I didn’t have a site icon, which meant that requests for the site icon (favicon.ico, etc) will return HTTP 404 Not Found. I addressed this by adding a site icon. This cleared up my error logs and and reduced the amount of PHP running for these requests.

The missing icon was really just a trigger of another problem: 404’s are expensive. Part of why 404’s are expensive is because they aren’t cached. I tried to configure this in my current cache but it doesn’t look like a feature. As an alternative, I decided to try the cache that my host recommends: LightSpeed Cache. Empirically, it does cache the result of a request even if it 404’s, so this should resolve any similar bug where someone somewhere is requesting the same resource over and over again even if it doesn’t exist. Success!

While this solve the current problem of missing site icons, someone could just request random pages to force 404’s and take down my site.
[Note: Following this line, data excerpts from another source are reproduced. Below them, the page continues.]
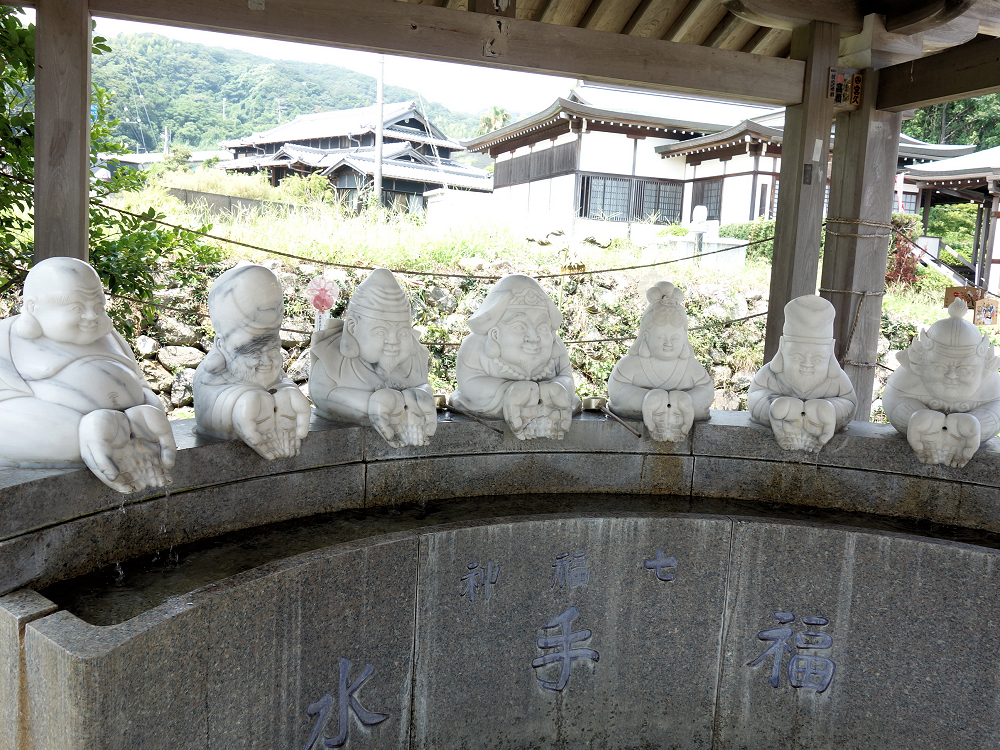 手水舎には七福神の像が並び、それぞれの手のひらから清めの水が流れ出すという珍しいデザインになっています。
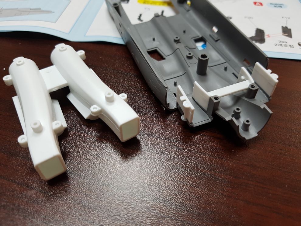 하얀 사출 부분이 상하로 조립되는 인테이크 내부 부품이며 이 부품을 접착후 사진 같이 잘라 내신 후 전방부를 기체에 접착한 후 기체색으로 도장하시고 인테이크는 따로 도장 하시면 인테이크 내부 마스킹의 번거로움을 덜 수 있습니다.
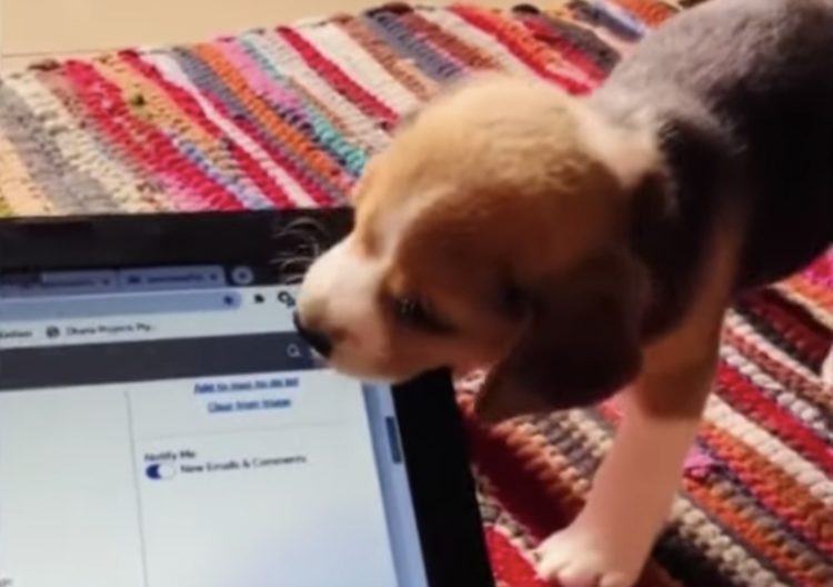子犬さんはパソコンが気になりすぎて、
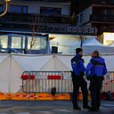 (Photo: Police officers stand guard in front of the "Le Constellation" bar, after a fire and explosion during a New Year's Eve party in Switzerland. Credit: REUTERS/Denis Balibouse)
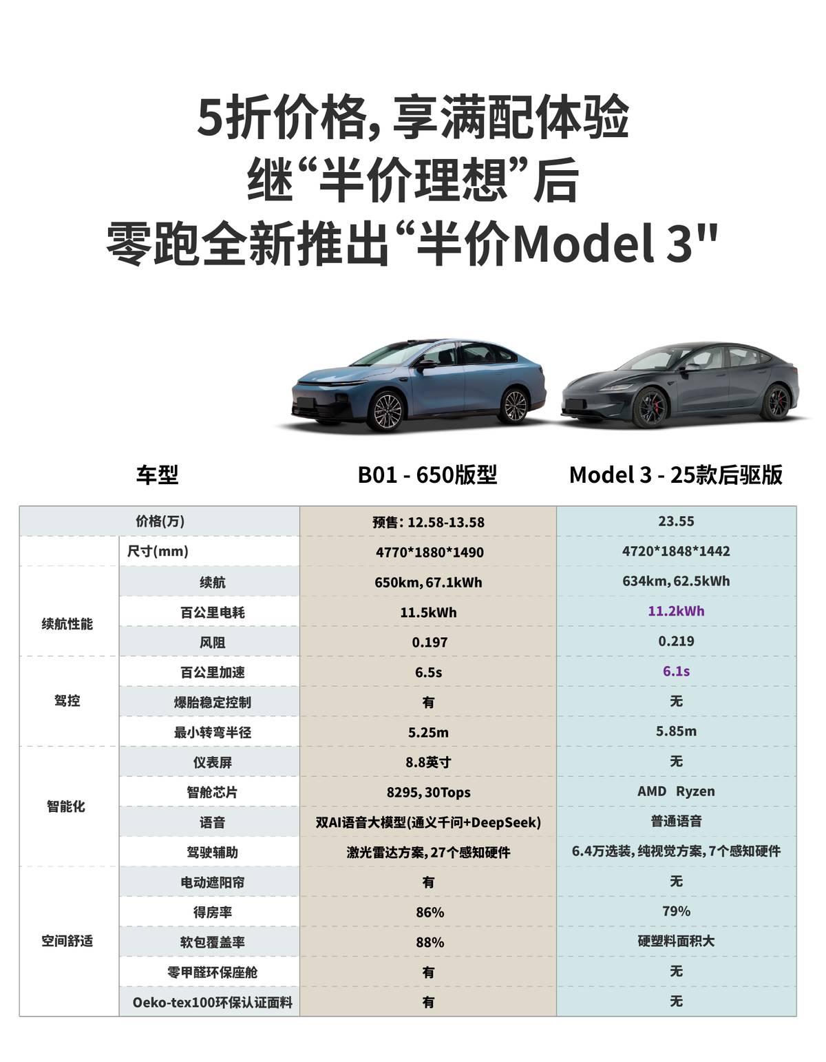 ”半价Model 3“?零跑B01到底如何? 当下的新能源市场,卷价格卷配置已经不稀奇了,但是能卷到越级的还真不多见,甚至能卷到”半价Model 3“都出来了,谁啊?零跑B01呗! 这台车预售价10.58万起,纯电续航650km,如果我们平日出行以上下班为主,再加上周末出行一下,那一周充一次电就够了。而且它18分钟的快充速度,在没电的时候也能够快速补充,基本不费什么时间。就这个续航能力来说,甚至还超越了20多万的Model 3后驱版的634km续航了。 与此同时,B01的智能配置表现也不错,搭载了高通8295旗舰级芯片+双AI语音大模型,既能带来流畅的交互体验,语音助手还能及时响应。并且B01搭载了高通8650高性能芯片+激光雷达端到端大模型辅助驾驶,对比使用AMD芯片和纯视觉方案的Model 3来说,应该也是毫不逊色的。 还有就是Model 3广受好评的驾控方面,在底盘配置上,B01和它都是前麦弗逊+后多连杆的悬架,以及后置电机布局,加速性能也都是6秒级。而且B01的底盘再经由中欧团队联合调校,转弯半径仅为5.25mm,Model 3是5.85米,这是真的让人意外。 所以,B01是”Model 3平替“还真不是吹的,10万级的价格给到20万级的体验。想要买高品质轿车的朋友,B01真的可以认真考虑。 零跑零跑b01零跑B01将于7月下旬上市特斯拉model 3
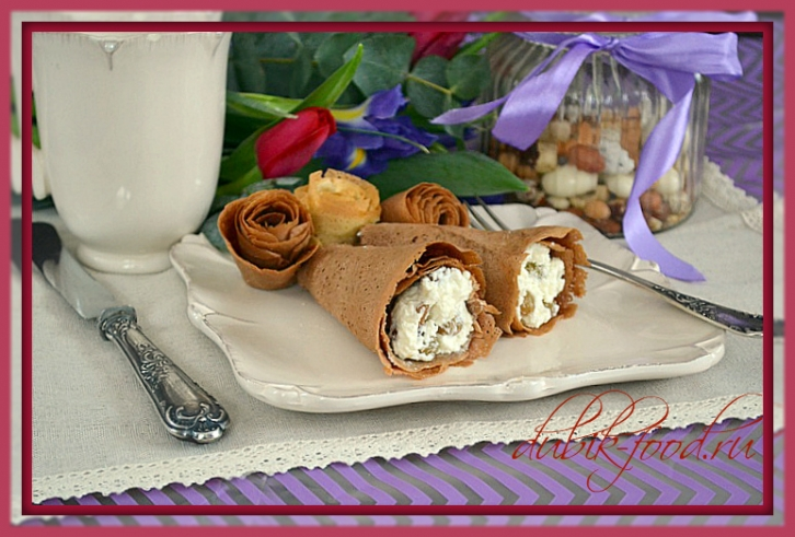 Шоколадные блинчики с начинкой из творога получаются аппетитными и вкусными. Приготовить блины можно по вашему любимому рецепту, добавив в тесто немного какао, а завернуть - в виде конвертиков, трубочек или конусов, так как вам больше нравится. Я предлагаю свой вариант. Ингредиенты
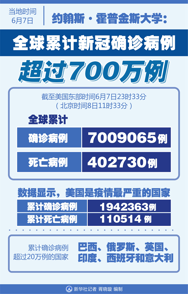 新華社紐約6月7日電 美國約翰斯·霍普金斯大學7日發布的新冠疫情統計數據顯示,截至美國東部時間7日23時33分(北京時間8日11時33分),全球累計確診病例達到7009065例,死亡病例為402730例。
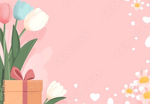 © Tanish, Naklejka premium A pink background with tulips and gift boxes
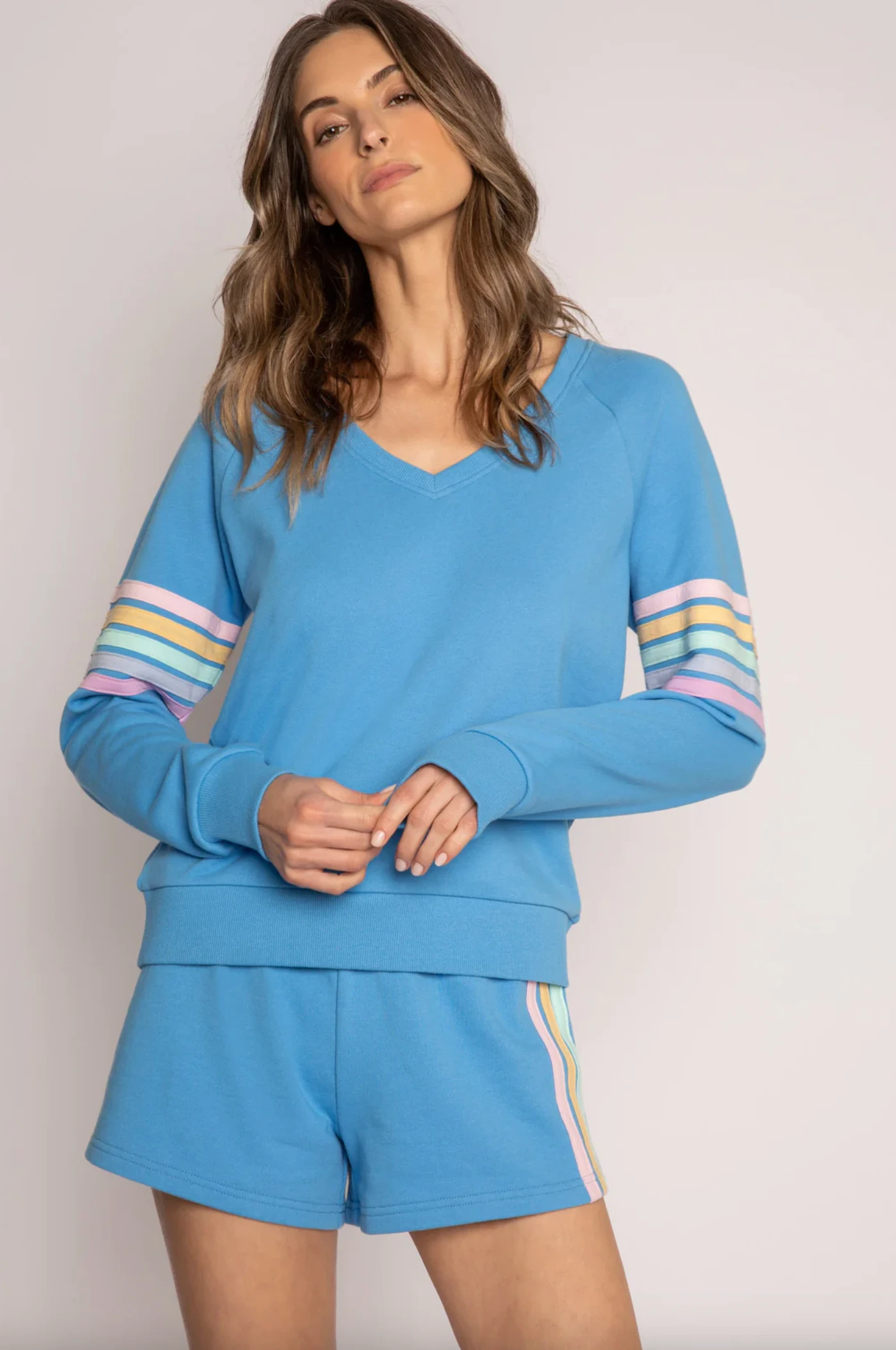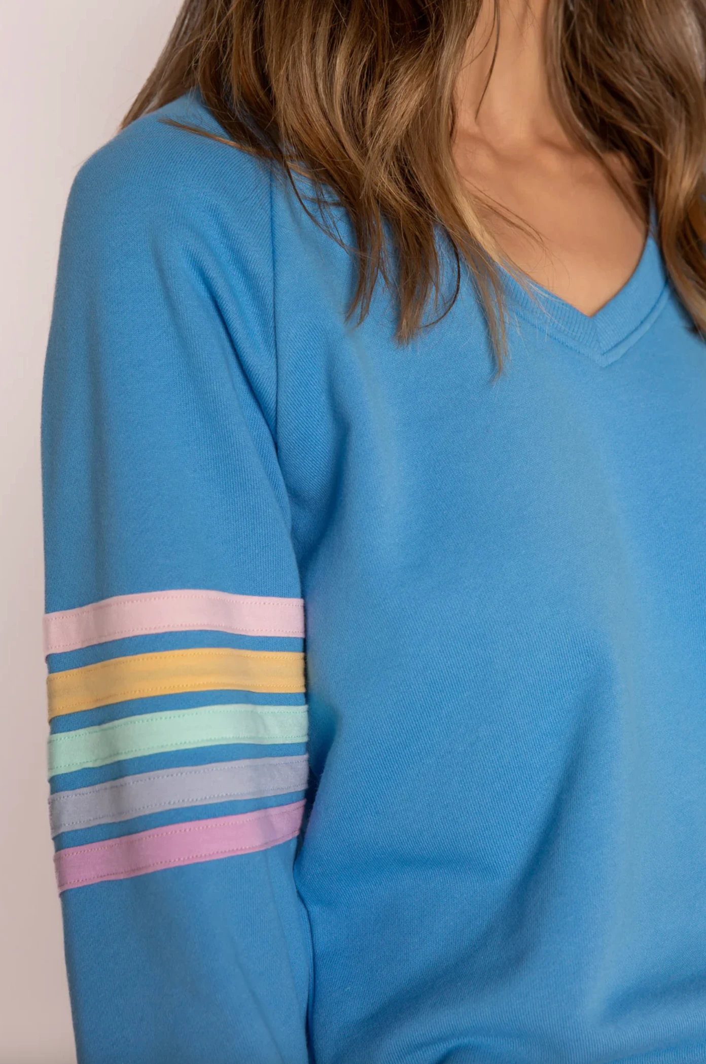 Keep things easy & cool in our pullover lounge top. Designed in a vibrant blue smooth-coat fleece, with knitted stripes on sleeves, it will take your everyday, up a notch.
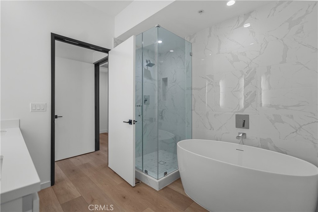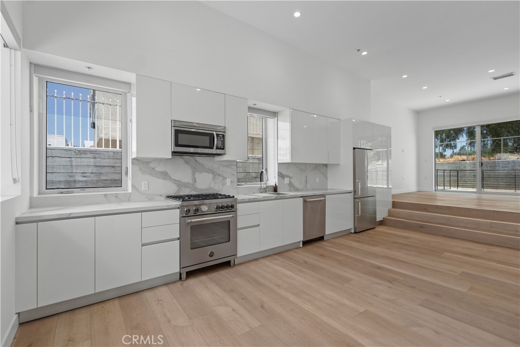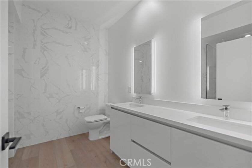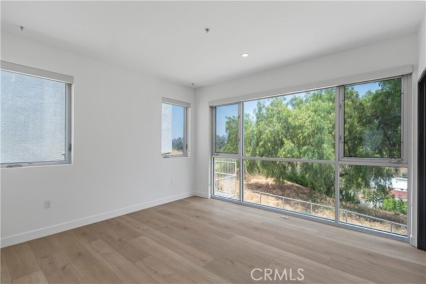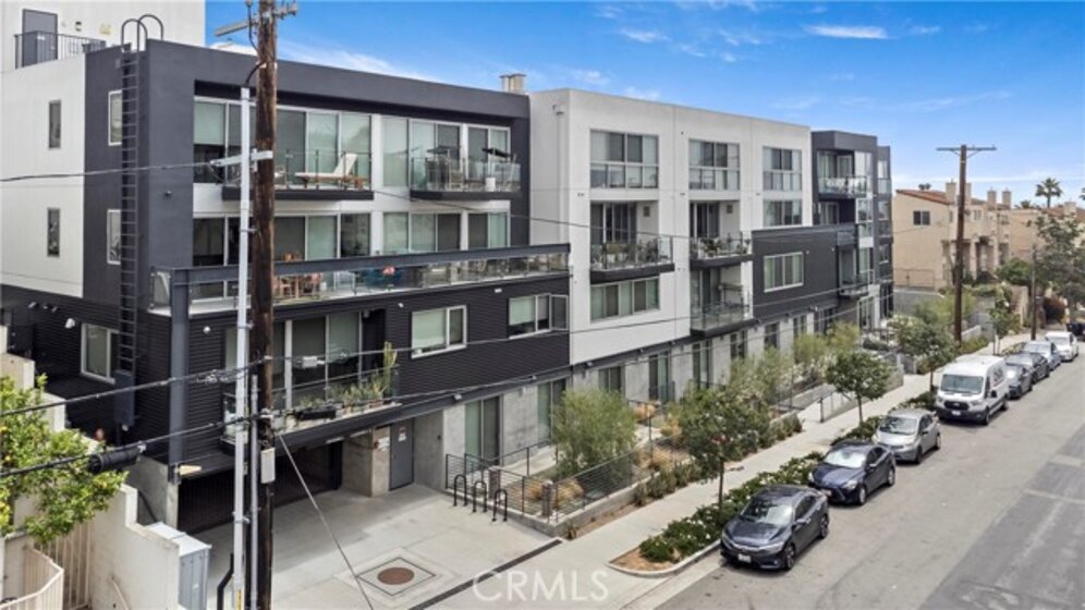 Welcome to Residence 318 at 957 FIG- a modern top-level, end-unit, two-story condominium built in 2021. This 2-bedroom, 2.5-bath home features a bright open-concept layout with a light-filled living area, large glass patio doors, and a seamless flow into the dining space and modern kitchen. Both bedrooms are located upstairs, each with a walk-in closet and a private en-suite bathroom. The upper level offers open skyline views, adding a sense of space and natural light. The secure-access community consists of a limited number of residences and includes two-car parking with EV charging access, a fitness room, an outdoor BBQ area, a locked mailroom, and on-site trash and recycling facilities. Tucked into a quiet hillside pocket, yet just minutes from all the action, the property is less than 5 minutes from Crypto.com Arena, Dodger Stadium, and the vibrant energy of Downtown LA!
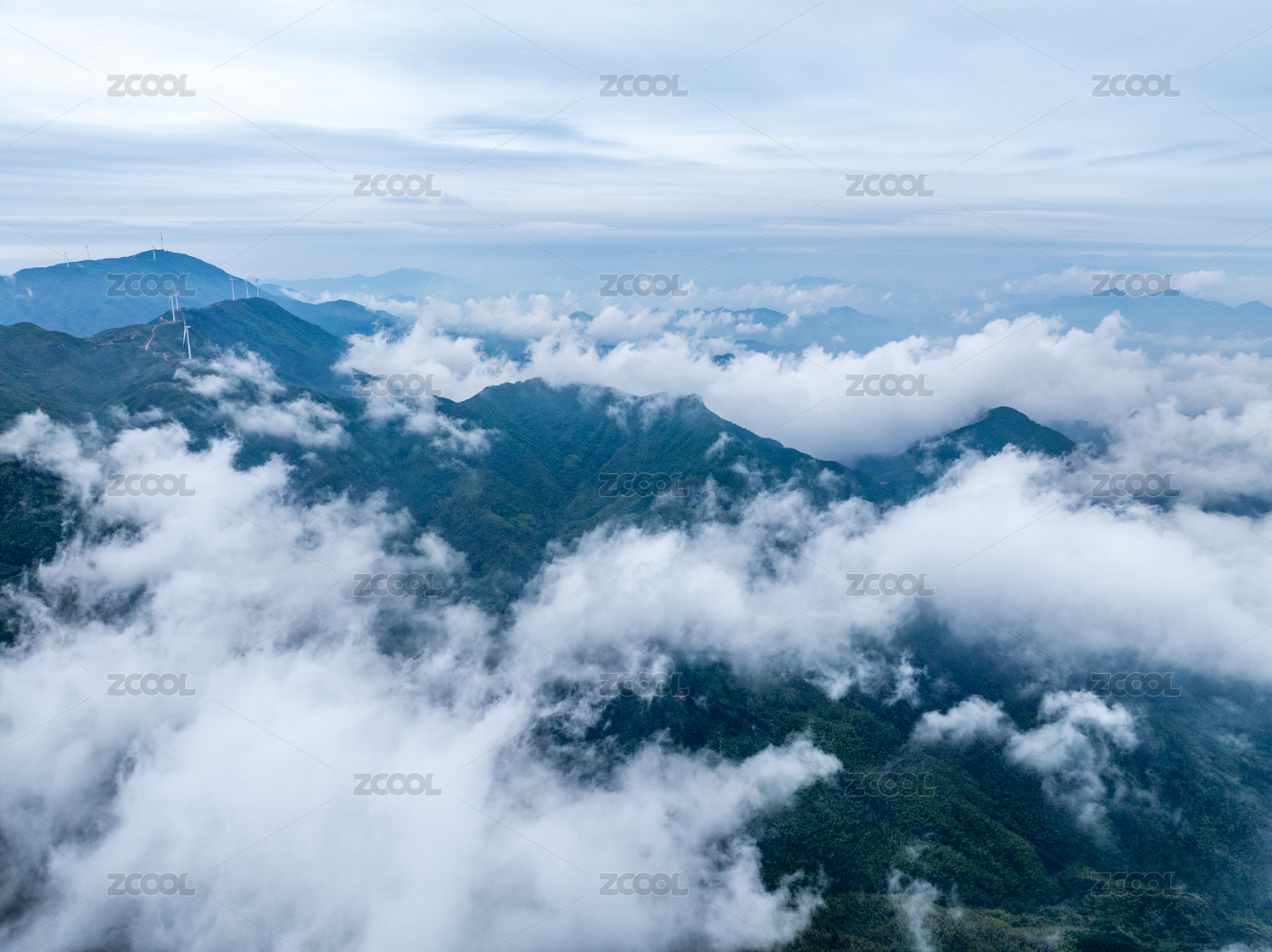 航拍江西玉华山风电场云雾云海

I tried to optimize my 404 page. However, in profiling, I didn’t find any plugins I could disable cheaply enough, the best savings was about 30% of the runtime. I tried it but I didn’t feel the difference, even though it was slightly better. Network latency just made that gain too small. I felt like I needed something that would make a magnitude of a difference. I also didn’t find any code in my 404_template.php that took much time. Even making it static made little measurable difference since most of the time is spent in WordPress or plugins. In this, I considered several options but nothing seemed good enough.

The last item I’ve arrived upon is my “Shared Unlimited” hosting plan can serve maybe a dozen uncached requests per second. It still opens me to a denial-of-service attack wherein someone just requests a bunch of uncached pages, or even random pages generating 404’s. Maybe I could optimize my 404 page, pay for more serious hosting, use something other than WordPress, or use some sort of CDN like Cloudflare. But hey, this is just a hobby site. I think it’s time for me to move on.